YOUR GOAL: Exact copy, no pictures: return only the lines below from the line with "Survey No. 69/3" up to and including the line with "W ramach spotkań".

[DATA FOR THE TASK Boundary: Start]

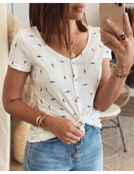 T-shirt réversible. Motifs nageuses brodées. Boutons dorés. Col rond. Taille : S - M - L Murielle porte généralement du S/36. Elle mesure 1,65 m et porte la taille S. Fabriqué en Chine. Entretien & Lavage : Suivre les indications sur l'étiquette produit.
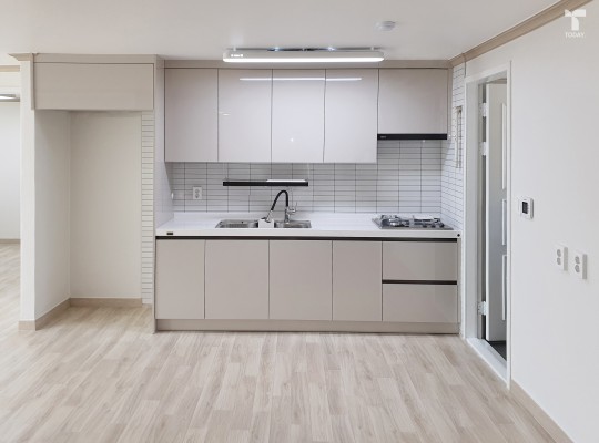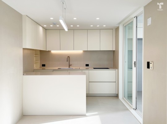 이번 프로젝트는 베이지 컬러의 유광 마감재와 화이트 컬러의 타일로 단정하면서 발랄한 인상을 줍니다. 베이지 컬러의 플랫도어는 차분한 인상을 주고, 작은 사이즈의 화이트 타일이 반복적인 선을 만들어 공간의 리듬감을 부…
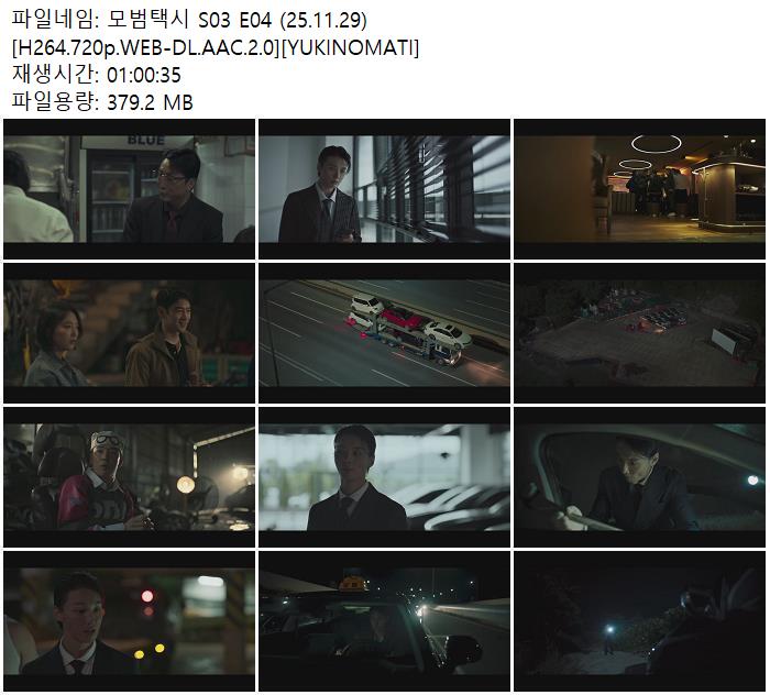 | 모범택시 S03 E04 (25.11.29) [H264.720p.WEB-DL.AAC.2.0][YUKINOMATI].mkv | 379.2 M | 01:00:00 | 1280x720 |
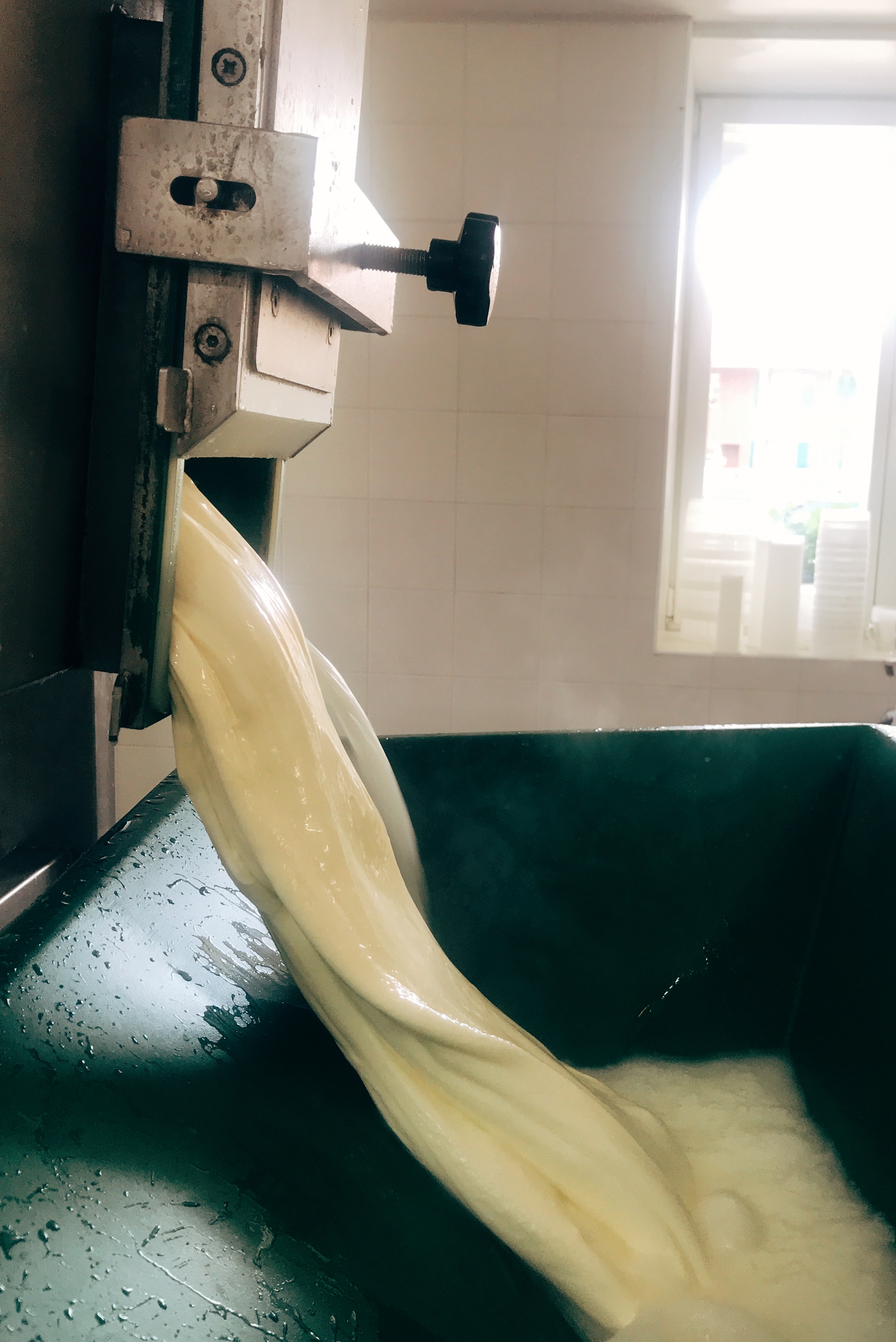 La production ayant lieu les lundis, mercredis et vendredis, ils nous avaient conseillé d’y passer entre 13h et 14h pour voir le filage de la pâte… Telles les bonnes suisses nous sommes donc arrivées à 13h tapantes… les dérangeant pendant leur repas de midi… oups.
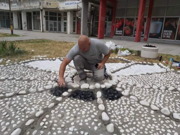 FOTO: Mještani Radakova u parku napravili spomen obilježje za žrtve Srebrenice- Na inicijativu predsjednika MZ Novo Radakovo i jednog od mještanina, Adi Salčinovića i Dalibora Duspare, te pomoć donatora, grupa građana u mjesnoj zajednici Novo Radakovo odlučila se da napravi spomen obilježje za žrtve Srebrenice-„Cvijet Srebrenice“.
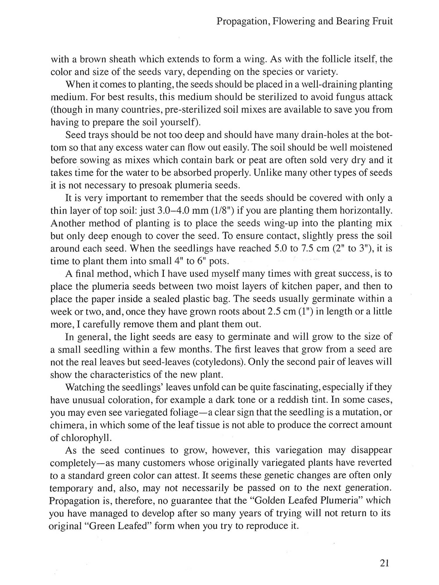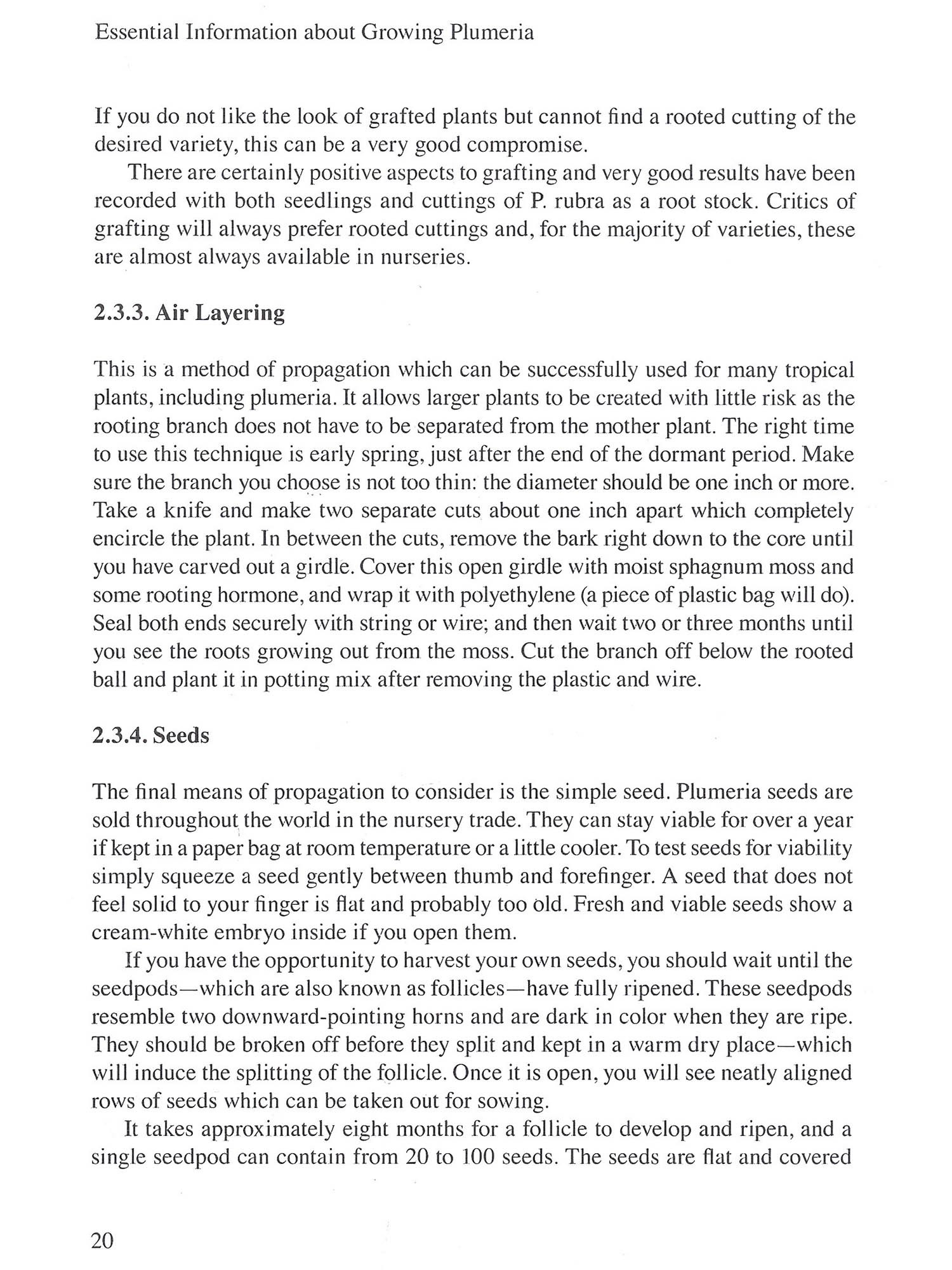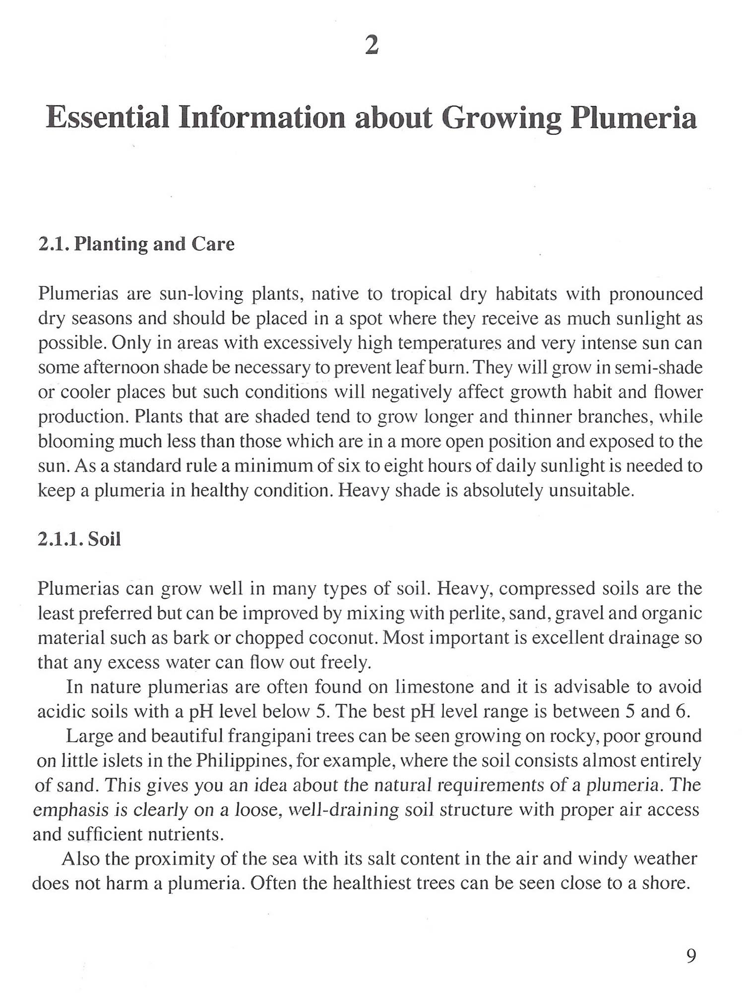 The plumeria, commonly known as the frangipani or temple tree, was originally spelled plumiera in honor of the man who discovered it, the Frenchman Charles Plumier (1648-1706). Plumier was Royal Botanist to Louis XIV and a keen plant collector. He was the first to describe the new genus after discovering it during his plant-collecting expeditions in the Caribbean in the 1690s. Plumeria is a smaller genus within the much larger Apocynaceae family (or Dogbane family in English) and comprises just seven distinct species-according to the American botanist Woodson's 1938 revision of the genus, in the Annals of the Missouri Botanical Garden. Woodson, it must be noted, did not have the opportunity to conduct field studies on living plants: the bulk of his work was conducted in the lab using dried specimens collected from various US-based herbaria of his time. It is possible, therefore, that there are more than seven species of plumeria, but further study is necessary to determine what should be classified as a distinct species and what can stay as a subspecies. Some scientifically oriented sources list as many as 17 distinct species; other sources list as few as three. Matters are further complicated by the many dif-ferent synonyms which are used to describe the same plant. The non-specialist approaching the subject for the first time is bound to be confused. Consequently, this book will deal only briefly with the complex topic of plumeria species clas-sification, and will focus instead on a selected group of six species which have some horticultural value Introduction Much more data-derived from extensive study of living plants must be gathered on plumeria before consensus can be reached on a decision on the exact number of species. Clearly, the whole genus is in need of a thorough revision. To put plumerias in perspective, it is worth noting that the full Apocynaceae family includes more than 4,500 species today, since the subfamily of Asclepiad oideae, which covers 2,365 species alone, has recently been included. Apart from a few species found in temperate climates most are sub-tropical to tropical plants, such as trees, shrubs, lianas and herbs. Adenium, Allamanda, Beaumontia, Carissa, Catharanthus, Hoya, Pachypodium, Mandevillea, Nerium, Thevetia, Tabernaemontana and Wrightia are perhaps the most well-known and best-loved of these (other than plumerias, of course). All can be found in tropical gardens where they are prized for their distinctive flowers and shapes and for their alluring fragrances. With the exception of Carissa macrocapra and Carissa edulis, or Saba senegalensis for example, few of the many species of Apocynaceae are eaten by animals because of a poisonous sap (milky or non-milky). The poison seems to be particularly strong in species such as Allamanda, Apocynum, Nerium, Pachypodium, Rhazya and Plumeria. The non-milky juice of Acocantherea and Pachypodium is in fact so poisonous it is used by the bushmen of Namibia as a venom for arrows. Because of this toxicity the sap serves as an effective repellent. The sap is present within most of the plant's vessels-stem, leaf and branch-and its chemical composition comprises alkaloids, glycosides and saponins, the latter being readily water-soluble and absorbed through the digestive system. Accordingly, and presumably from bitter experience, animals and even most insects have learned to leave Apocynaceae well alone. Though it is not in the food chain, plumeria does have a place in traditional medicine. In South East Asia, for example, extracts of its bark are used as a remedy for digestive problems or against inflammation; its flowers can help against high blood pressure, cough or fever, and its roots have been used as an ingredient in skin ointments. Other members of the Apocynaceae family are important sources of drugs such as cardiac glycosides, for example, which influence heart function. Quinine (used in the treatment of malaria) is extracted from the soap bark tree (Quillaja saponaria). With the progress in scientific research and in view of the size of the Apocynaceae family the list of such plants with beneficial medicinal properties can only be expected to increase.
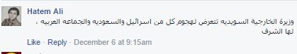 وأضاف حاتم علي “وزيرة الخارجية السويدية تتعرض لهجوم كل من إسرائيل والسعودية والجماعة العربية، لها الشرف”.
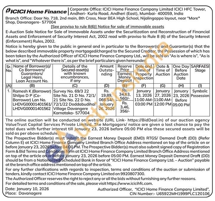 Survey No. 69/3 22 Site No. 21 D No. 72/1/21 Site No. 22 D No. 72/1/22 Doddabudihal Village Davangere Karnataka-577004
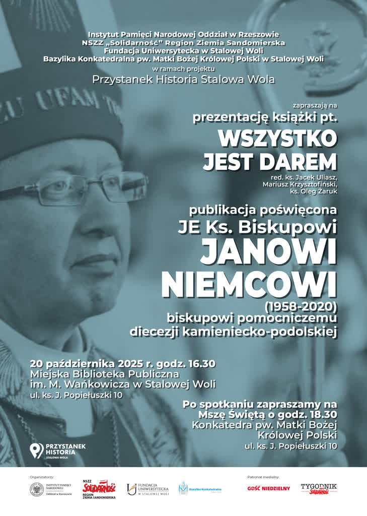 W ramach spotkań cyklicznego projektu – Przystanek Historia Stalowa Wola – obędzie się prezentacja książki „Wszystko jest darem…” poświęconej Jego Ekscelencji ks. biskupowi Janowi Niemcowi.
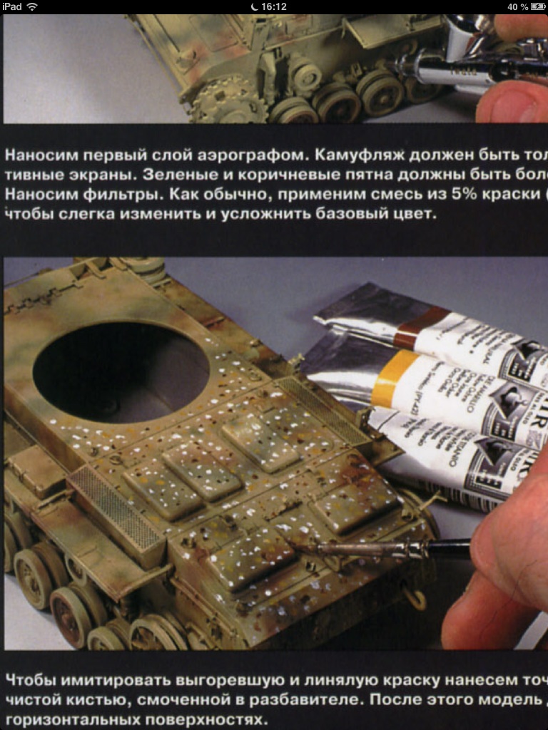 А что можно сказать? Посмотри на свои фото и сам увидишь: циммерит -это что то новенькое! где швы нужны, там их нет, где не нужны есть, нехватка болтов от Master Club, разбросанные траки - они же попадают,а травленка от эдика - это вообще .......... надгусенечные полки - что с ними? параллельно оторвали сразу с двух сторон?
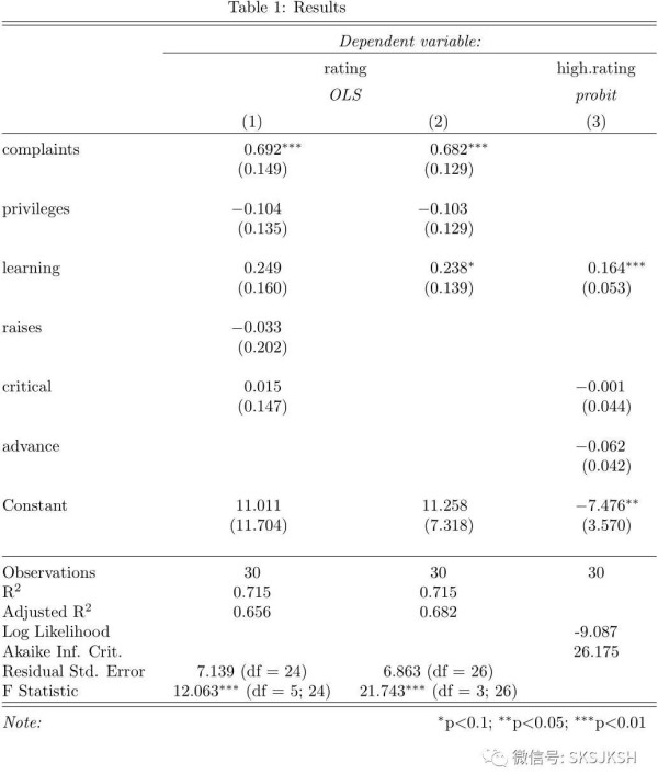 attitude$high.rating <- (attitude$rating > 70) #新生成一列上面提到的 0- 1指示变量probit.model <- glm(high.rating ~ learning + critical + advance, data=attitude, family = binomial(link = "probit")) #用probit模型进行回归stargazer(linear .1, linear .2, probit.model, title= "Results", align=TRUE) #输出上述 3个回归的表格
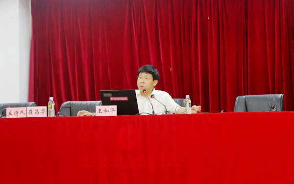 4月13日下午,我院在圖書館多功能報(bào)告廳舉行了形勢與政策專題報(bào)告會,邀請中共海南省委黨校副校長王和平教授來校作“培育和踐行社會主義核心價(jià)值觀”主題報(bào)告。學(xué)院黨委副書記、紀(jì)委書記崔昌華主持報(bào)告會。各系部黨總支(直屬黨支部)主要負(fù)責(zé)人、全體思政課教師,在校生黨員、入黨積極分子和部分大一新生參加了報(bào)告會。

[DATA FOR THE TASK Boundary: End]

YOUR SOLUTION:
 Survey No. 69/3 22 Site No. 21 D No. 72/1/21 Site No. 22 D No. 72/1/22 Doddabudihal Village Davangere Karnataka-577004
 W ramach spotkań cyklicznego projektu – Przystanek Historia Stalowa Wola – obędzie się prezentacja książki „Wszystko jest darem…” poświęconej Jego Ekscelencji ks. biskupowi Janowi Niemcowi.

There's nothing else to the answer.